Insomma, stando alle prime indiscrezioni, le ruspe in cantiere potrebbero ripartire già da settembre. Ma non la 'Monna Lisa', la mega-talpa costruita per scavare il tunnel sotto Firenze. Quella non si rimetterà in moto, finché, appunto, non si saprà come destinare le terre di scavo.
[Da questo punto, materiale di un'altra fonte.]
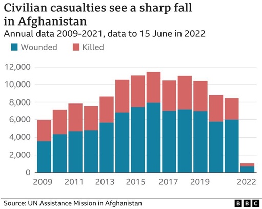 联合国阿富汗援助团的最新数据表明,阿富汗平民死伤人数在2022年出现断崖式下降。有分析认为,安全形势变化的关键在于塔利班自身角色的转变。

Ed è su questo che Arpat interviene con alcune precisazioni.

"La situazione è in stand-by perché il Piano di utilizzo terre, che regolamenta ai sensi della normativa statale (DM 161/2012) la gestione dei materiali di scavo, approvato dal Ministero dell’Ambiente nel gennaio 2013, è stato sospeso dallo stesso Ministero nel novembre scorso a seguito di quanto emerso dall’inchiesta giudiziaria della Procura di Firenze". 

"Attualmente - si legge ancora nella nota dell'Agenzia regionale per l'ambiente - il suddetto piano è stato nuovamente sottoposto per un riesame alla Commissione tecnica nazionale per le VIA, con l’acquisizione di nuova documentazione progettuale elaborata e validata da un soggetto pubblico". 

"Fino a nuova approvazione da parte del Ministero, il materiale di scavo non può essere portato via ferrovia a Cavriglia, come prescritto nel decreto di compatibilità ambientale per la realizzazione della Stazione AV e del passante ferroviario. Ad ogni modo - conclude Arpat - in Toscana si applicano sulle terre e rocce di scavo le stesse normative nazionali che si applicano anche nel resto del Paese".